Pictures do not belong in your copy. Repeat all the other data exactly.

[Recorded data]
****************
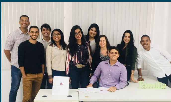
A 1ª Vara de Família de Camaçari promove o projeto “Falando em Família”, com ciclo de palestras, visando qualificar os servidores – 09/05/2018
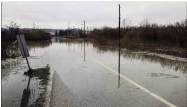
Uređenjem Bednje želi se spriječiti njeno razlijevanje i poplavlivanje kuća i ceste

U Vodnogospodarskoj ispostavi Plitvica – Bednja potvrđeno nam je da sljedeće godine napokon kreću radovi na tehničkom uređenju rijeke Bednje kod Kuljevice. Kao što je poznato, Bednja se na tom području svake godine prilikom obilnijih kiša i topljenja snijega redovito razlijeva te poplavljuje privatne kuće i županijsku cestu Kaniža – Jerovec.
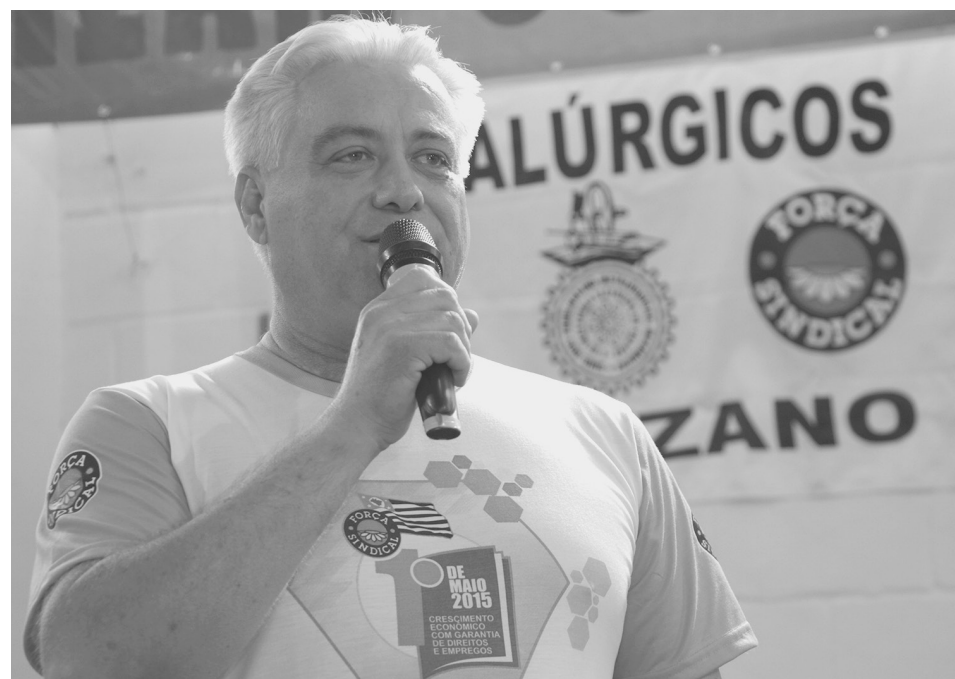
BENITES: Presidente participou das negociações e destacou o bom resultado final
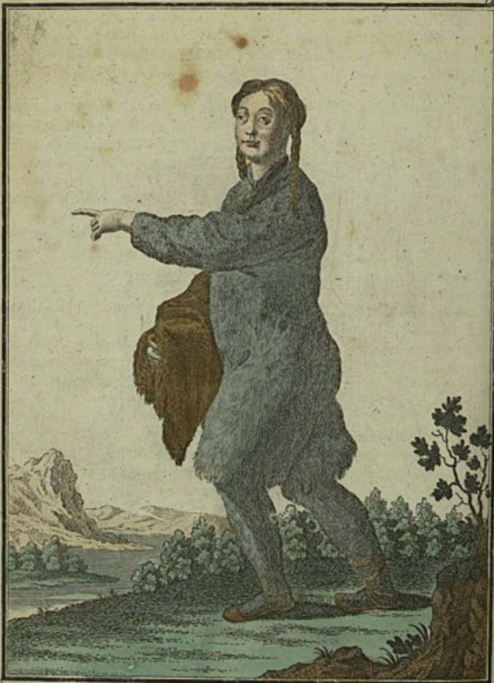
Чукотская баба въ обыкновенную одежду. Eine Tschuktschin angekleidet. Femme Tschouktchiene en son habit ordinaire.
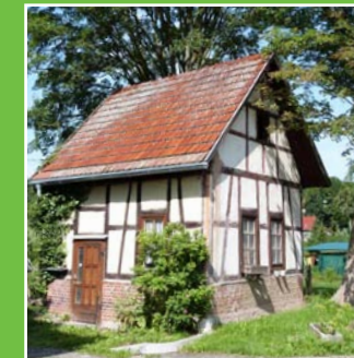
Leerstand in Gebäuden
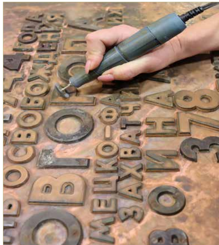
Нашу Победу надо защищать, в том числе и от коррозии.

Там другие задачи, кроме самой общей — восстановления. Там другой инструментарий — болгарка точно не понадобится. Там — работа под микроскопом. Но это уже совсем другая история.
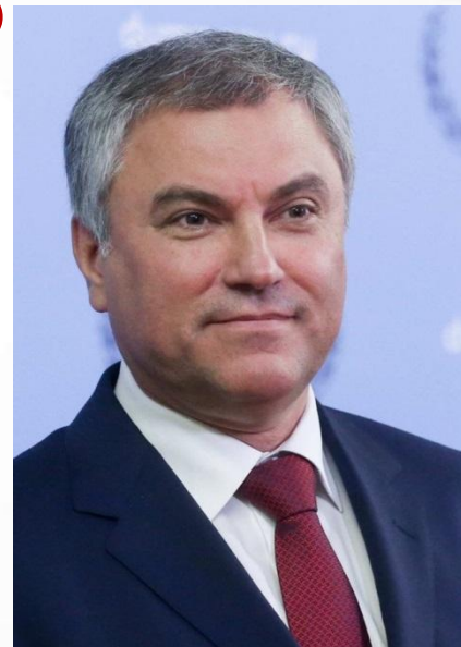
Вячеслав Викторович Володин Председатель Государственной Думы Федерального Собрания РФ 7-го
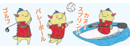
福井しあわせ元気国体マスコット はぴりゅう
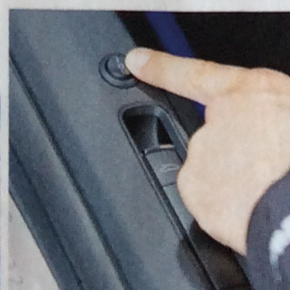
Kerniger und kräftiger Die Klappenabgasanlage wird per Schalter gesteuert
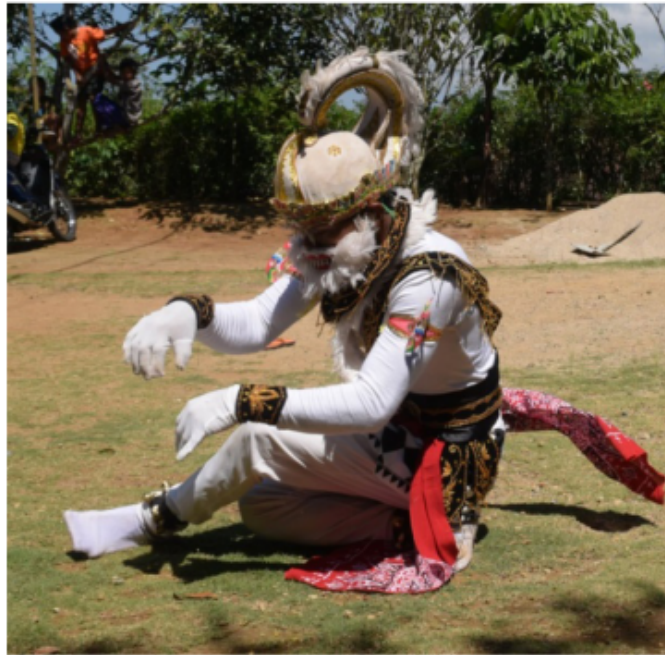
Gambar 40. Gerakan Jengkeng dan cekitingan
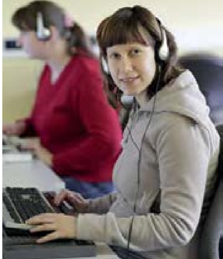
Moderner, blindengerechter Arbeitsplatz

Für Arbeitsmöglichkeiten für blinde Menschen in Berlin sollen zunächst verschiedene Werbemaßnahmen sorgen, die etwa das Handwerk mit dem Handel verbinden. Mit dem späteren Schulterschluss mit der Industrie schließlich gelingt ein weiterer Durchbruch, in der Produktion am Fließband, aber auch bei Büro- und kaufmännischen Berufen, allen voran bei AEG und
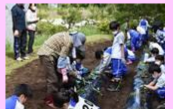
<農業の達人とともに畑作業>
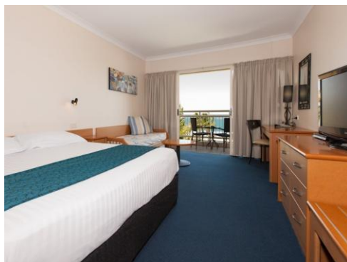
Hotel Deluxe Room (Twin / King)
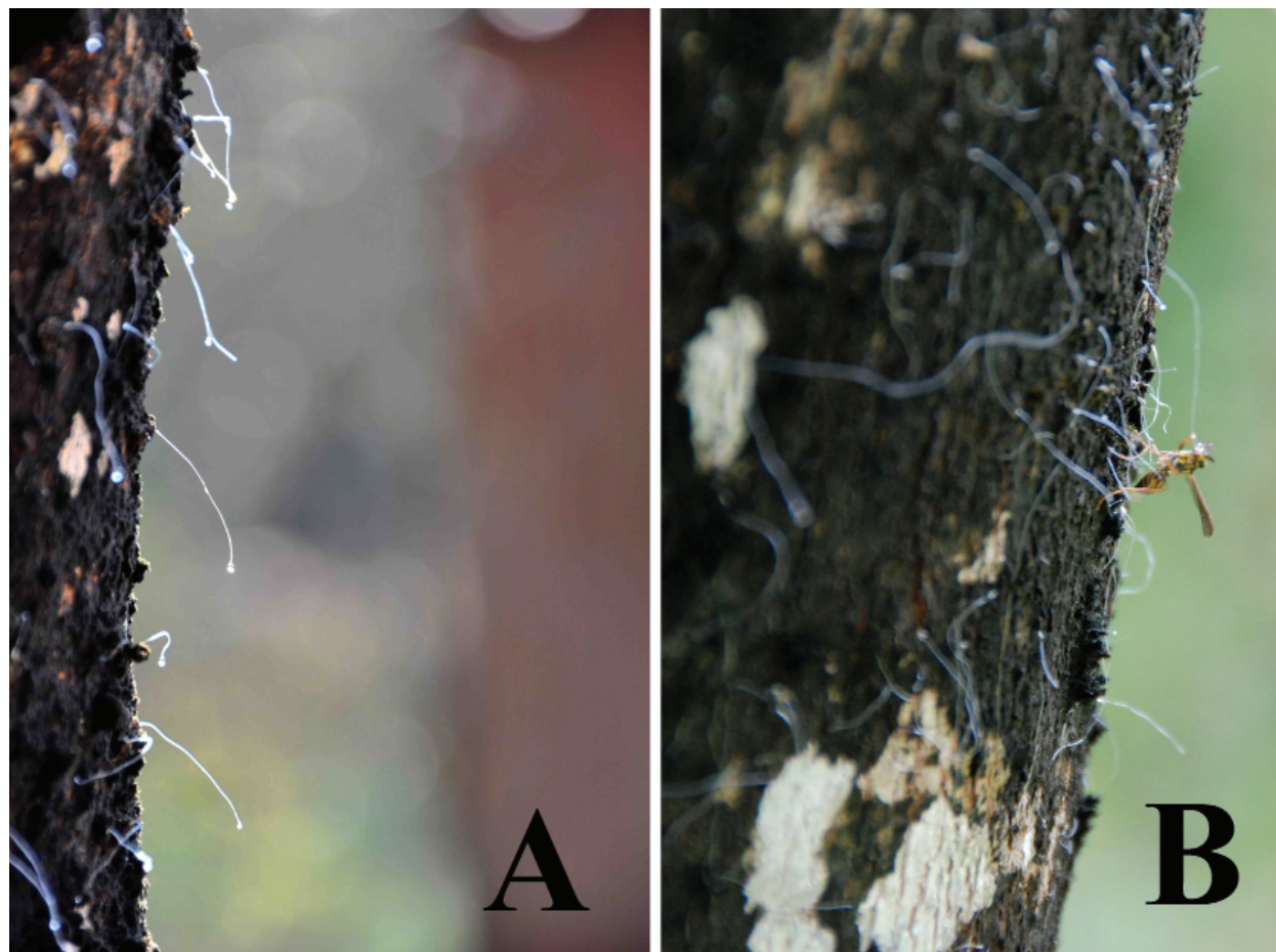
Figura 1. Stigmacoccus paranaensis en tronco de M. scabrella . A. Pelos blancos largos que parten de los quistes. B. Himenóptero alimentándose de mielato, exudado del insecto escama.
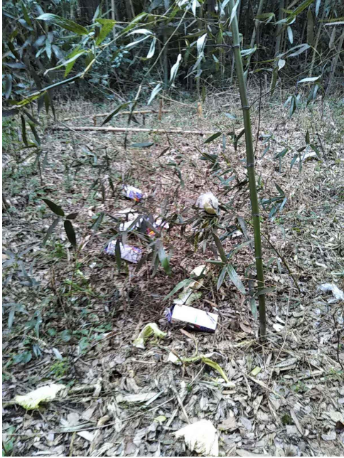
橋の下でゴルフのパター練習をしている男性がいました。 河原にもゴミがありました。
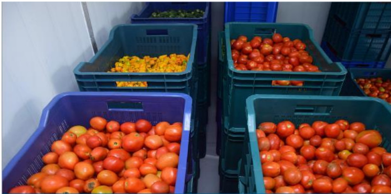
Etend la durée de conservation des produits périssables de 2 à 21 jours.
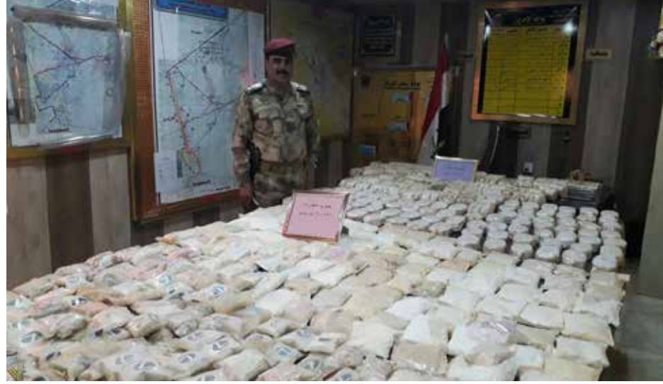
رواج تجارة المخدرات رغم التشديدات الامنية

اتسعت ظاهرة تعاطي المخدرات والمتاجرة فيها، خلال السنوات الماضية، لأسباب يعزوها قضاة ومتخصصون الى «تفشي البطالة والفقر والفساد في اغلب مفاصل الدولة»، داعين الى اتخاذ اجراءات عملية تسهم في محاربة هذه الظاهرة، وتنظيف القوات الامنية واجهزة الدولة ذات العلاقة من الفاسدين، من اجل تمكينهم من مواجهة هذا الوباء الخطر.
****************
* [Output for this exercise]:
A 1ª Vara de Família de Camaçari promove o projeto “Falando em Família”, com ciclo de palestras, visando qualificar os servidores – 09/05/2018
Uređenjem Bednje želi se spriječiti njeno razlijevanje i poplavlivanje kuća i ceste

U Vodnogospodarskoj ispostavi Plitvica – Bednja potvrđeno nam je da sljedeće godine napokon kreću radovi na tehničkom uređenju rijeke Bednje kod Kuljevice. Kao što je poznato, Bednja se na tom području svake godine prilikom obilnijih kiša i topljenja snijega redovito razlijeva te poplavljuje privatne kuće i županijsku cestu Kaniža – Jerovec.
BENITES: Presidente participou das negociações e destacou o bom resultado final
Чукотская баба въ обыкновенную одежду. Eine Tschuktschin angekleidet. Femme Tschouktchiene en son habit ordinaire.
Leerstand in Gebäuden
Нашу Победу надо защищать, в том числе и от коррозии.

Там другие задачи, кроме самой общей — восстановления. Там другой инструментарий — болгарка точно не понадобится. Там — работа под микроскопом. Но это уже совсем другая история.
Вячеслав Викторович Володин Председатель Государственной Думы Федерального Собрания РФ 7-го
福井しあわせ元気国体マスコット はぴりゅう
Kerniger und kräftiger Die Klappenabgasanlage wird per Schalter gesteuert
Gambar 40. Gerakan Jengkeng dan cekitingan
Moderner, blindengerechter Arbeitsplatz

Für Arbeitsmöglichkeiten für blinde Menschen in Berlin sollen zunächst verschiedene Werbemaßnahmen sorgen, die etwa das Handwerk mit dem Handel verbinden. Mit dem späteren Schulterschluss mit der Industrie schließlich gelingt ein weiterer Durchbruch, in der Produktion am Fließband, aber auch bei Büro- und kaufmännischen Berufen, allen voran bei AEG und
<農業の達人とともに畑作業>
Hotel Deluxe Room (Twin / King)
Figura 1. Stigmacoccus paranaensis en tronco de M. scabrella . A. Pelos blancos largos que parten de los quistes. B. Himenóptero alimentándose de mielato, exudado del insecto escama.
橋の下でゴルフのパター練習をしている男性がいました。 河原にもゴミがありました。
Etend la durée de conservation des produits périssables de 2 à 21 jours.
رواج تجارة المخدرات رغم التشديدات الامنية

اتسعت ظاهرة تعاطي المخدرات والمتاجرة فيها، خلال السنوات الماضية، لأسباب يعزوها قضاة ومتخصصون الى «تفشي البطالة والفقر والفساد في اغلب مفاصل الدولة»، داعين الى اتخاذ اجراءات عملية تسهم في محاربة هذه الظاهرة، وتنظيف القوات الامنية واجهزة الدولة ذات العلاقة من الفاسدين، من اجل تمكينهم من مواجهة هذا الوباء الخطر.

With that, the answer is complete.